Semseg batchgen¶
This is a transcription of nnUnet’s batch generator that has the same API as a dataloader.
Note
This code use the library batchgenerators that is not a part of Biom3d’s dependencies. You’ll have to install it separatly.
Dataloader with batch_generator. Follow the nnUNet augmentation pipeline.

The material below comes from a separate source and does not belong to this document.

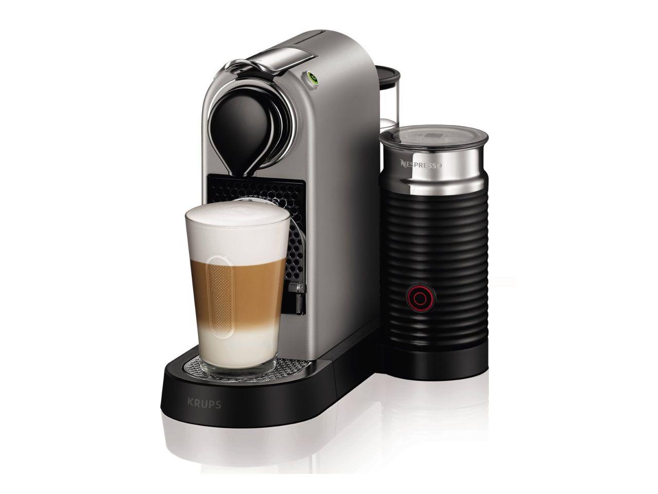 Kávovar na kapsle + integrovaný šlehač mléka, tlak 19 bar, aut. a programovatelné množství kávy, 2 velikosti: Espresso a Lungo, příprava Cappuccino, Latte Macchiato, studená/teplá mléčná pěna, teplé mléko, sklopná odkapávací mřížka, nádržka na vodu 1 l, rychlý ohřev za pouhých 25 s, režim aut. vypnutí po 9 min. Celý popis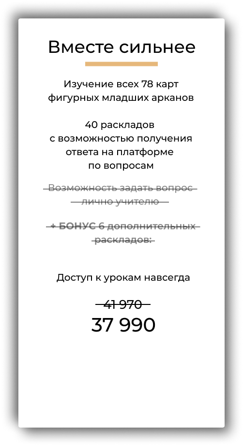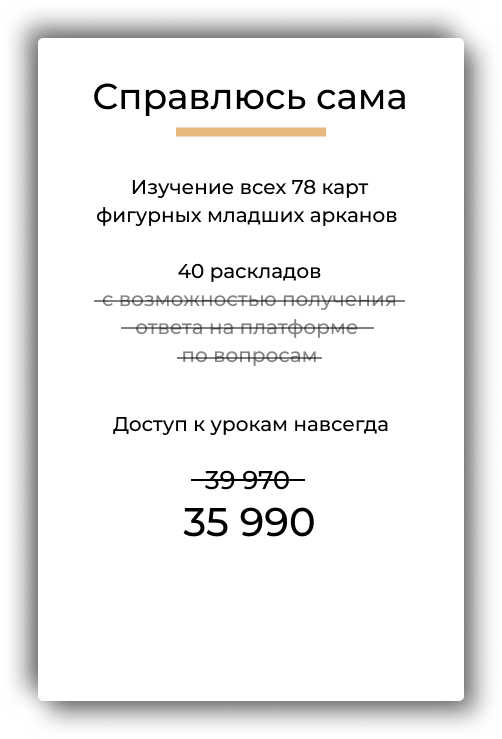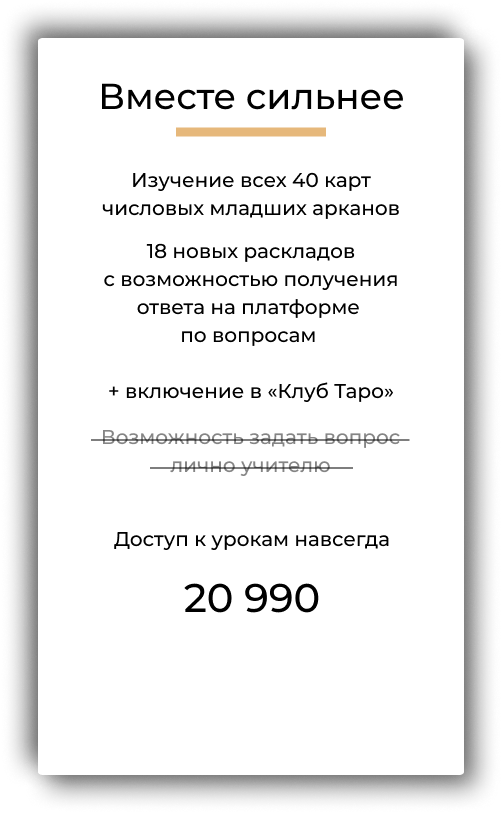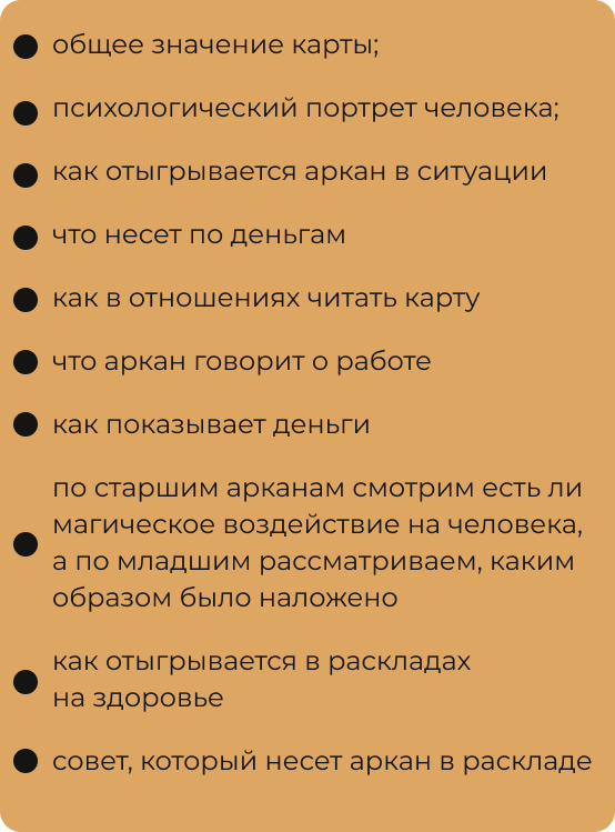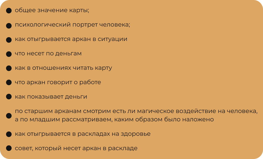 Каждую карту мы рассматриваем детально, и не ждите, что всего за 5 уроков вы освоите всю колоду – это миф или маркетинговый ход.

- class biom3d.datasets.semseg_batchgen.BatchGenDataLoader(*args: Any, **kwargs: Any)[source]¶
Similar as torchio.SubjectsDataset but can be use with an unlimited amount of steps.
- Variables:
img_path (str) – Path to collection containing the images.
msk_path (str) – Path to collection containing the masks.
fg_path (str | None) – Path to collection containing foreground information.
batch_size (int) – Size of the batches.
nbof_steps (int) – Number of steps per epoch.
indices (numpy.ndarray) – A array of unsigned int representing the possibles index for images.
current_position (int) – Index of the actual image.
was_initialized (bool) – If the batch generator was initialized, used for safeguarding.
- __init__(img_path: str, msk_path: str, batch_size: int, nbof_steps: int, fg_path: str | None = None, folds_csv: str | None = None, fold: int = 0, val_split: float = 0.25, train: bool = True, load_data: bool = False, num_threads_in_mt=12)[source]¶
Similar as torchio.SubjectsDataset but can be use with an unlimited amount of steps.
- Parameters:
img_path (str) – Path to collection containing the images.
msk_path (str) – Path to collection containing the masks.
batch_size (int) – Size of the batches.
nbof_steps (int) – Number of steps per epoch.
fg_path (str, optional) – Path to collection containing foreground information.
folds_csv (str, optional) – CSV file containing fold information for dataset splitting.
fold (int, optional) – Current fold number for training/validation splitting.
val_split (float, optional) – Proportion of data to be used for validation.
train (bool, optional) – If True, use the dataset for training; otherwise, use it for validation.
load_data (bool, optional) – if True, loads the all dataset into computer memory (faster but more memory expensive). ONLY COMPATIBLE WITH .npy PREPROCESSED IMAGES
num_threads_in_mt (int, optional) – Number of threads in multi-threaded augmentation.
- generate_train_batch() dict[source]¶
Generate a training batch from the dataset.
- Returns:
A dictionary with the following keys: - ‘data’: List of input data arrays for the batch. - ‘seg’: List of corresponding segmentation masks. - ‘loc’: List of class location dictionaries (for foreground sampling, etc).
- Return type:
dict
- class biom3d.datasets.semseg_batchgen.Convert2DTo3DTransform(*args: Any, **kwargs: Any)[source]¶
Reverts Convert3DTo2DTransform by transforming a 4D array (b, c * x, y, z) back to 5D (b, c, x, y, z).
- Variables:
apply_to_keys (list[str] | tuple[str]) – Key of the data dictionary to convert, default=(‘data’,’seg’)
- class biom3d.datasets.semseg_batchgen.Convert3DTo2DTransform(*args: Any, **kwargs: Any)[source]¶
Transforms a 5D array (b, c, x, y, z) to a 4D array (b, c * x, y, z) by overloading the color channel.
- Variables:
apply_to_keys (list[str] | tuple[str]) – Key of the data dictionary to convert, default=(‘data’,’seg’)
- class biom3d.datasets.semseg_batchgen.DataReader(*args: Any, **kwargs: Any)[source]¶
Read the data and add it to dictionary.
- Variables:
data_key (str) – Key used to access data in dictionary.
label_key (str) – Key used to access label in dictionary.
loc_key (str) – Key used to access foreground in dictionary.
is3d (bool) – If images are in 3d, not used yet.
handler (DataHandler) – DataHandler used to read data.
- __init__(handler: DataHandler, is3d: bool = True, data_key: str = 'data', label_key: str = 'seg', loc_key: str = 'loc')[source]¶
Read the data and add it to dictionary.
- Parameters:
handler (DataHandler) – DataHandler used to read data
is3d (bool) – If images are in 3d, not used yet.
data_key (str) – Key used to access data in dictionary.
label_key (str) – Key used to access label in dictionary.
loc_key (str) – Key used to access foreground in dictionary.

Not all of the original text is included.